Así pues, la debatida “voluntad” puede verse como el peso que va adquiriendo el mundo mental consciente, nuestras “melodías neuronales”. Sin ellas no podríamos elaborar planes complejos a largo plazo, capaces de competir con otros impulsos y emociones presentes, y aun llegar a dominarlos.

Estos planes dependen del lóbulo frontal, planificador de acciones y controlador de emociones. Pero tanto él como la corteza cerebral en su conjunto han surgido, a lo largo de la evolución, como prolongaciones de partes más antiguas del cerebro. Son módulos especializados de nuestra inteligencia, pero no independientes. Se hallan estrechamente vinculados con las emociones, las cuales constituyen una organización más primitiva de la conducta. Por no decir que se hallan subordinados a estas emociones, como afirmaba Hume cuando describía la razón como “esclava de las pasiones” o a su servicio.

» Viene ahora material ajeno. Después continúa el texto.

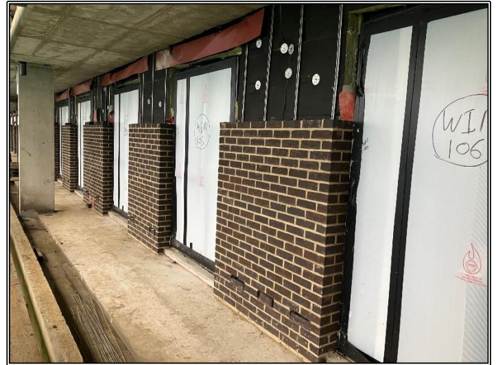
1 st Floor Brickwork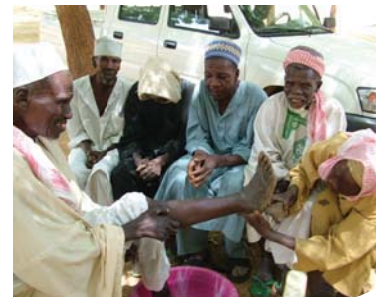
Checking for infections: a self-care group in Sokoto State

FACTFILE 70% OF THE POPULATION OF NIGERIA LIVE BELOW THE POVERTY LINE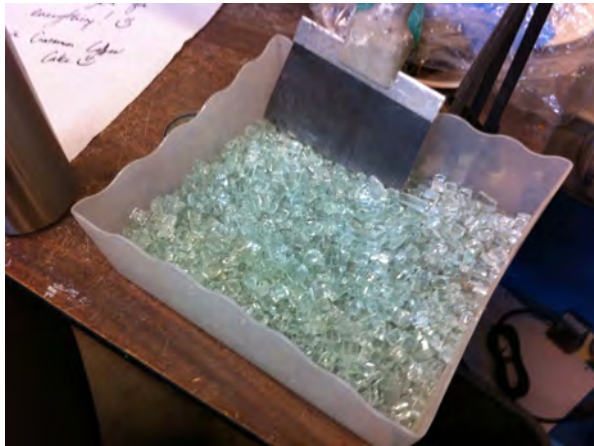
Broken glass from Muni bus shelter.

bles, and in total offers about 20 different ways to get rid of what most consider trash. Through working closely with the city of San Francisco, Recology has helped the city reach a nation-leading 77% diversion from landfill in 2010. The Artist in Residence program is one more way that Recology is pioneering new programs in the resource recovery industry. Resource recovery differs from waste management because it approaches the waste stream as resources that can be separated and recovered instead of being collected and buried or burned.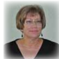
By Karen Cureton MG 2008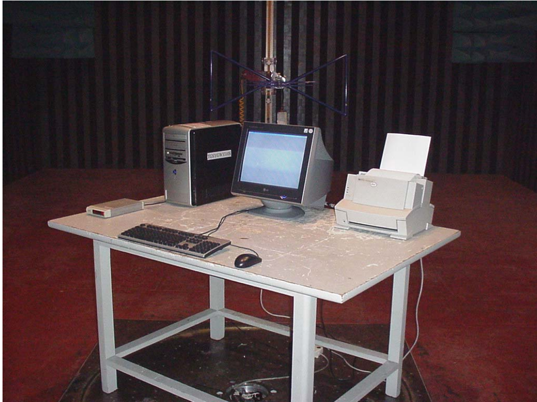
SETUP WITH MAXIMUM DETECTED EMISSION AT HORIZONTAL POLARIZATION (800*600@60Hz)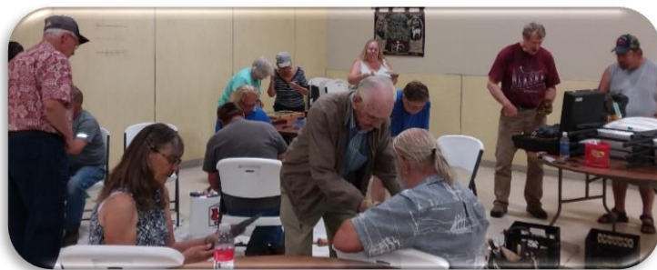
A Good Time Was Had By All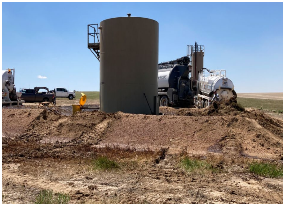
Tank. Photo looking east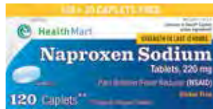
At participating stores while supplies last

Health Mart BONUS NAPROXEN SODIUM 220 mg, Pain Reliever/ Fever Reducer (NSAID) Caplets, 100 + 20 ct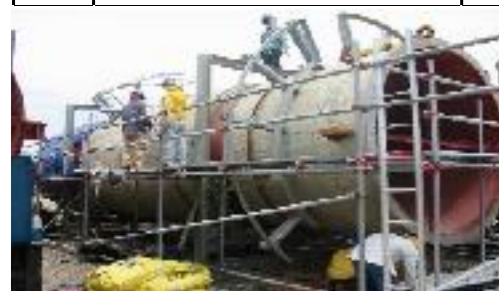
INSULATION WORK - Installation of Rockwool to the tower at Teluk Jawa Project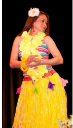
Local Global Event See page 10

Welcome to our new style newsletter! Change seems to be the most consistent thing in the voluntary sector at the moment and this newsletter format is no exception. Over the next few issues we will be trying different layouts to find the most user-friendly one. We would welcome your feedback so we can keep improving both the format and the content. Please feel free to copy this and distribute to your colleagues and volunteers.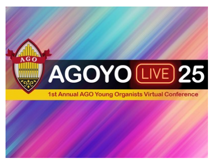
AGOYO LIVE 25 Virtual Conference

Friday, Feb. 7, 4:45 - 9 p.m. (ET) Saturday, Feb. 8, 9:45 a.m. - 3:45 p.m. (ET)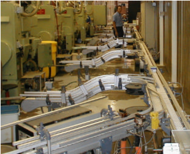
XM Incline conveyors delivering tea boxes to on-the-fly box gluing and check weighing machines.

As Traditional Medicinals has grown, they have had to change the layout and flow 6 different times. With each change, FlexLink was able to meet the challenges.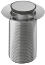
75mm Unslotted Click Waste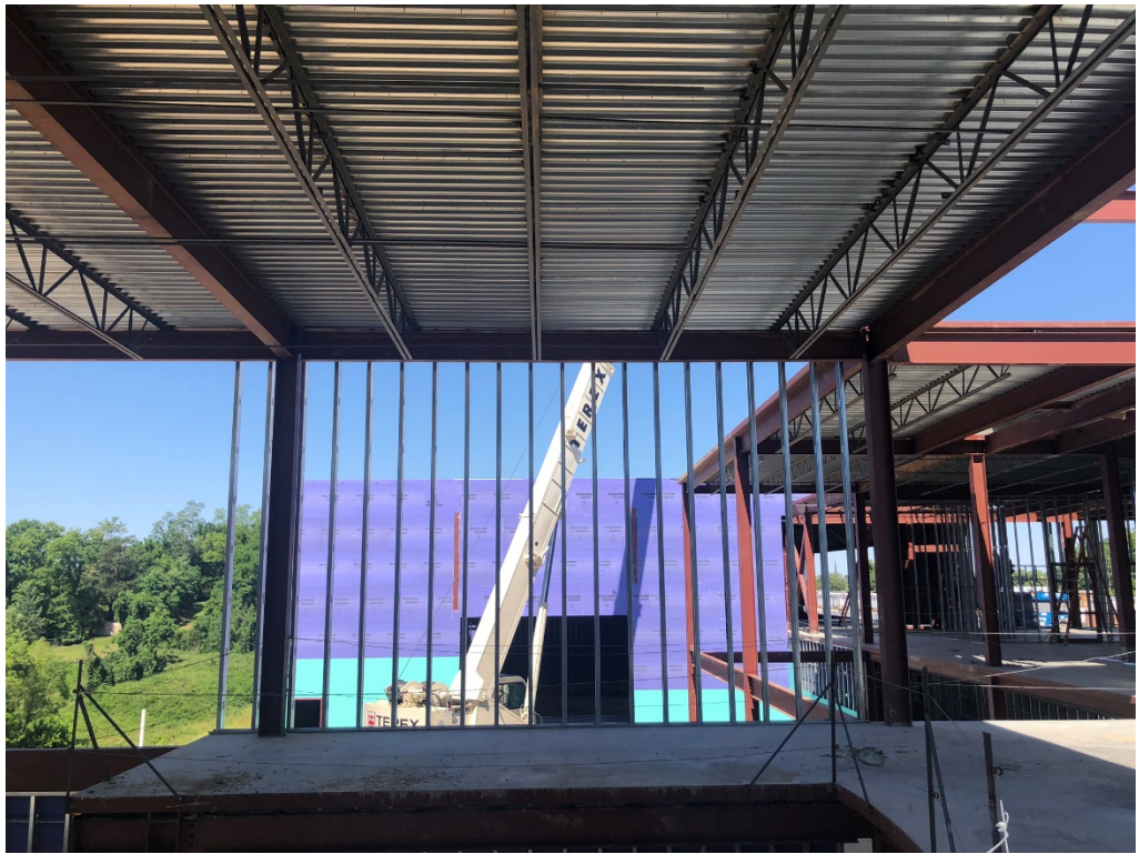
Figure 3 – Exterior Wall Light Gauge Framing Ongoing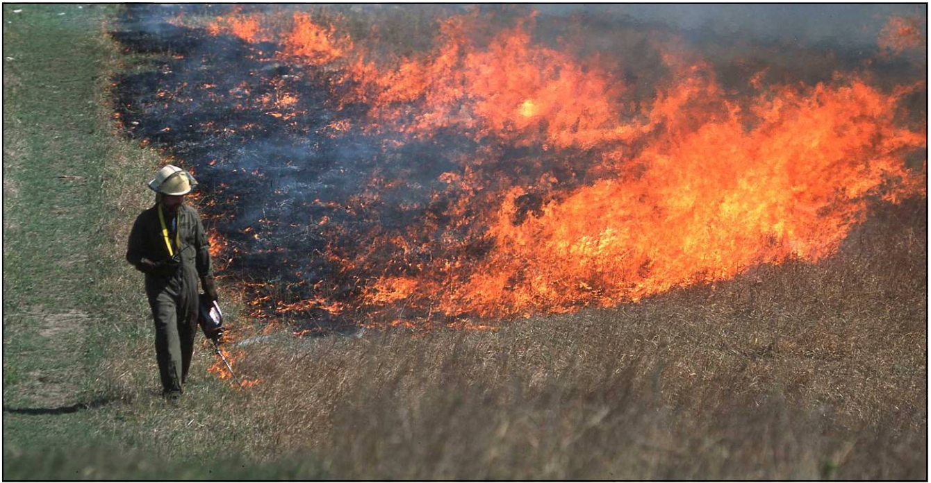
Fire can be an important management tool for managing or restoring native prairies.

turn encouraged butterflies. The author recommends a cautious approach to prescribed burning to ensure that a range of habitat heterogeneity is maintained or restored.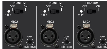
Mic Inputs with Phantom Power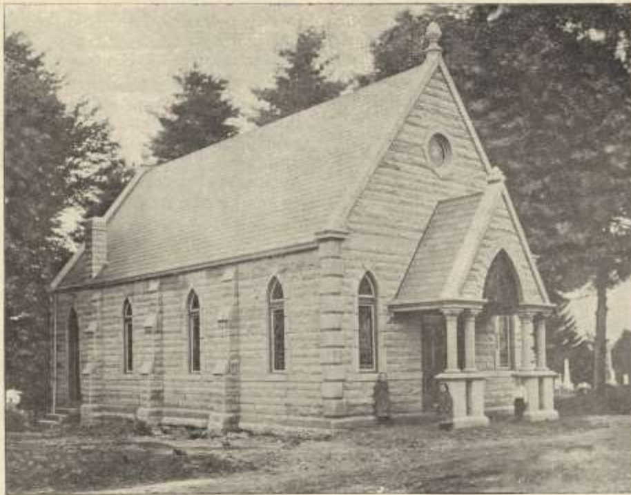
CHAPEL.—GROVE HILL CEMETERY, SHELBYVILLE, KY.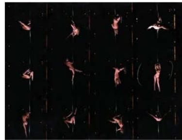
Philip-Lorca diCorcia, A control sheet from the Lady/G series , 2001, Courtesy of the artist and David Zwirner, New York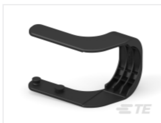
TE Part #2188496-2 LEVER HSG FOR ECU 60P PLUG BA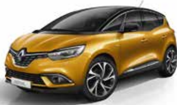
Honey Yellow 2* with Diamond Black roof XUO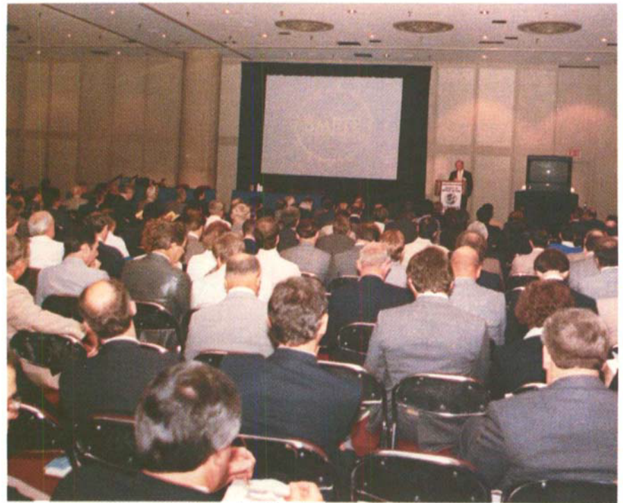
Most sessions were very well attended. Here is the audience at the opening session.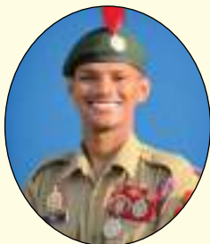
AJIT BA II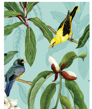
Osborne & Little Empyrea Michelia outdoor fabric is offered in three colorways, and illustrates exotic birds perched on magnolia tree branches with white blossoms. Rozmallin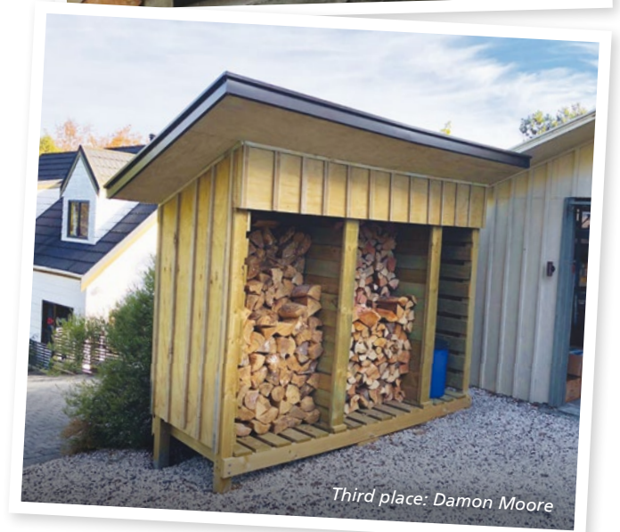
Third place: Damon Moore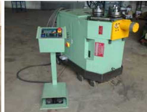
2006 Eagle CPH40 Bending Roll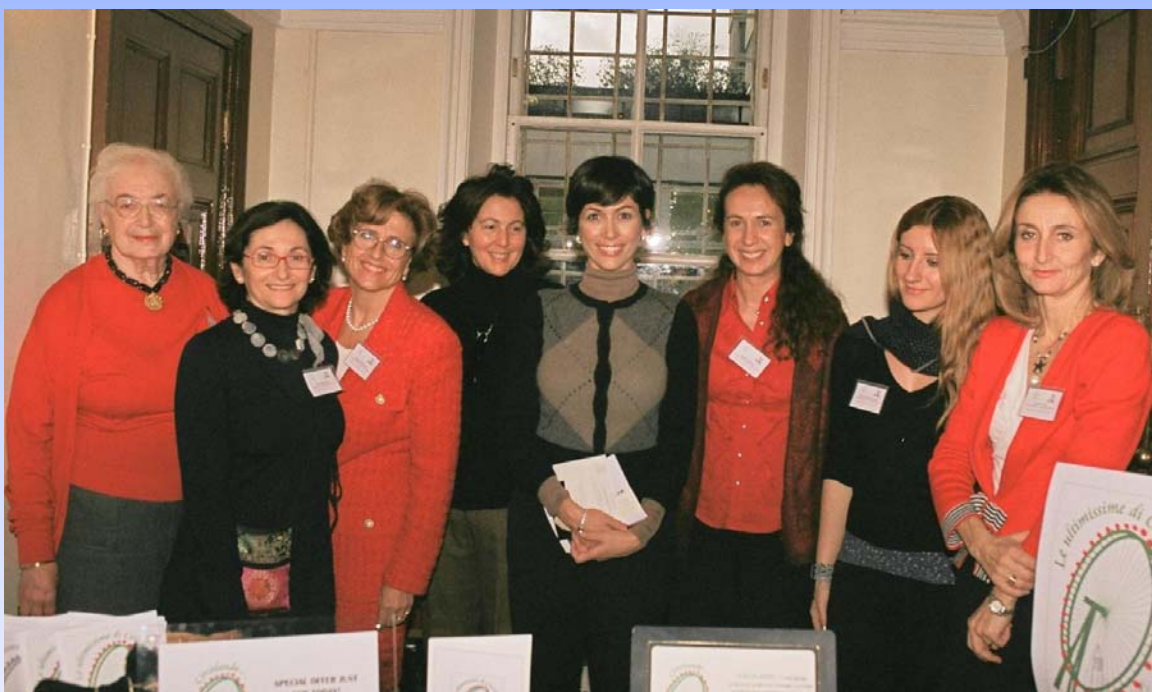
Minister Carfagna (centre) with members of the Italian Cultural Association "Il Circolo"

Mara Carfagna, Italian Minister for equal opportunities , visited London on 2-3 December and met her British counterpart and Minister of Justice, Maria Eagle during a working lunch. The aim of the visit was to discuss the possibility of a common European and international strategy to tackle the issue of violence against women, as part of Italy's G8 presidency activities on the protection of women's rights. The leader of the House of Commons, Harriet Harman, and the Labour MP Michael Foster also attended the lunch. Minister Carfagna visited a rape crisis centre and a refuge for women victims of domestic violence. She rounded out the visit by attending the annual Christmas Bazaar organised by the Italian cultural association "Il Circolo".

Ha sido, es y será tema de debates la relación entre razón y emociones: si esta relación es de dependencia, de colaboración-conflicto, o lo es de control y dominio. En efecto, la razón se ve solicitada por las emociones a través de muchas vías neurológicas centrífugas que ascienden a la corteza desde el sistema límbico o emocional. Pero, a su vez, la corteza cerebral también tiene conexiones descendientes hacia ese sistema límbico. LeDoux (1996) señaló que las conexiones ascendentes son más numerosas que las descendentes y que por ello las emociones controlan más a la razón de lo que son controladas por ella. Puede que tenga razón, pero su argumento no es concluyente, pues la cantidad no es la única medida. De cualquier manera, el mismo LeDoux comenta que nada podemos afirmar sobre la futura evolución del homo sapiens. ¿Reforzarán su poder la conciencia y la razón?